Admittedly if we had neither of those two we would have no reason to ever activate our Harbor, but lets see what happens if we force our decreasingly-random bot to always activate their Harbor when able:
Well if there had been any doubt before that the Harbor/Tuna Boat combo makes all the apple farmers sad, there isn’t much left now. Another interesting thing to note about this pair of graphs is that the earnings by Tuna Boats for winning players is more than the earnings for all players by a margin significantly larger than we have for the other establishments. This further supports our suspicion that Tuna Boats are too strong by suggesting a correlation between winning players and Tuna Boat income. What can be done about that though? Tuna Boats are interesting to play with because they don’t provide a set number of coins so we don’t want to get rid of them…but what if we just got rid of some of them? What if we started the deck with only 2 Tuna Boats, rather than 6?

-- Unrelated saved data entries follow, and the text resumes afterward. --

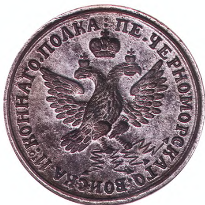
7. Печать 11-го конного полка ЧКВ.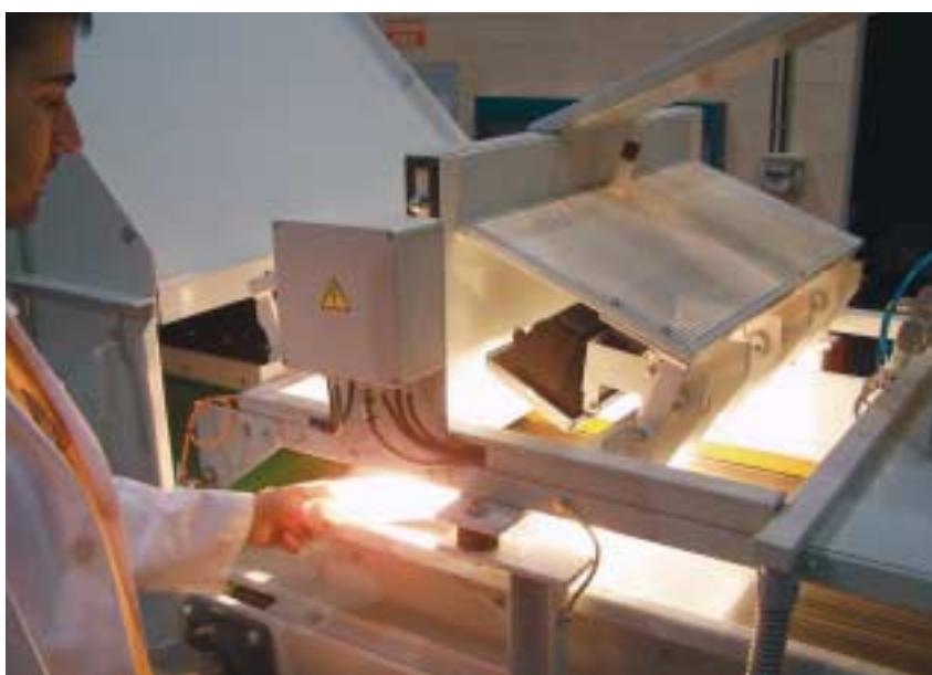
Equipo de identificación y separación NIR

En la actualidad, las dos unidades de identificación NIR con las que contamos en el Centro (un equipo Kusta 4004 de la firma LLA, con capacidad para funcionar en modo automático, y un equipo iosys portátil) nos permiten continuar investigando en la adaptación de esta tecnología a nuevos materiales, como los biopolímeros y productos que presenten una problemática especial, tales como los envases multi-material, además de en su aplicación a corrientes de materiales específicos, tales como los textiles. Trabajamos también en la identificación de materiales de colores oscuros, principal limitación de la tecnología NIR.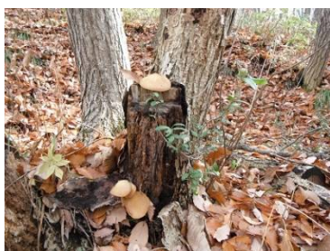
ムキタケ！これは食べられそう：表面の皮がスルッとむけた。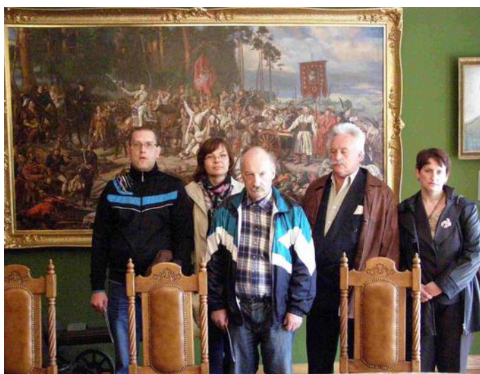
Kopia „Bitwy pod Raławicami” zrobiła na nas wszystkich duże wrażenie.

Czas spędzony w muzeum przyniósł nie tylko odpoczynek, ale również była to mała lekcja z historii i współczesnej sztuki.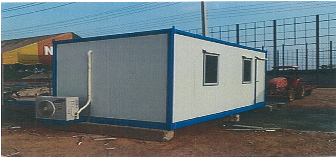
รูปที่ 2 ตัวอย่าง ตู้بانประตูปกติ มีประตูเปิด 1 บานและหน้าต่าง 2 บาน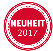
Pressdrive AM 2E

Körper aus Polypropylen, innere Membran aus Naturkautschuk und Schrauben, Unterlegscheiben, Muttern, aus Edelstahl AISI 304.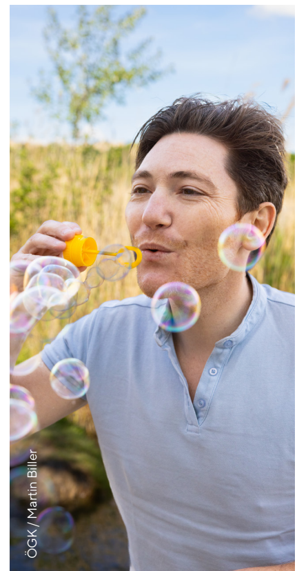
ÖGK / Martin Biller

Alle Infos gibt es unter www.gesundheitskasse.at/nikotinfrei und www.rauchfrei.at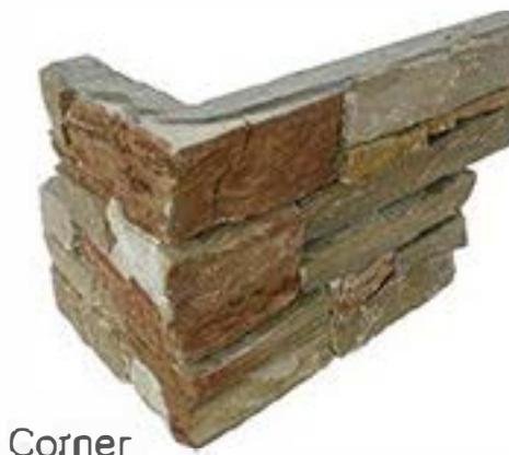
黄木纹拐角 Yellow Wooden Corner

That’s a lot better! Apple Orchards are still bad it would seem, but at least the average earnings by Tuna Boats is now a lot closer to that of the other establishments. I haven’t included the graphs here but the same situation appears to be true if we only count earnings for winning players. I haven’t tried playing an actual game like this but I can envision a world in which this isn’t fun to play because the one or two people that do get Tuna Boats might just win a disappointingly large fraction of the time. Another option that gets around this would be to just have the Tuna Boat roll one die on activation, rather than two:
That seems to work too! Now that we’ve nerfed Tuna Boats, what about Apple Orchards? Well maybe now that there are fewer Tuna Boats (or the ones we have aren’t quite as explosive), lets try give some randomness back to our “random” player, and let them randomly choose whether or not they want to activate their Harbor. I’m going to take this as a simulation of the fact that maybe they don’t have any Tuna Boats, or maybe they do but they have many Apple Orchards and don’t fancy their chances. Whatever the reason, here’s what our million games tells us:
Success! We seem to have managed both to nerf Tuna Boats somewhat and to bring Apple Orchards (ever so slightly) back into the world of profitability. You even have a choice of means by which to achieve it! I must add that all of this should be taken with a sizable grain of salt, mostly because randomly-played games aren’t amazing approximations for human players but also because my implementation of the game could simply be wrong. If you’d like to check (or just run your own experiments), the source for my simulation is available on Github.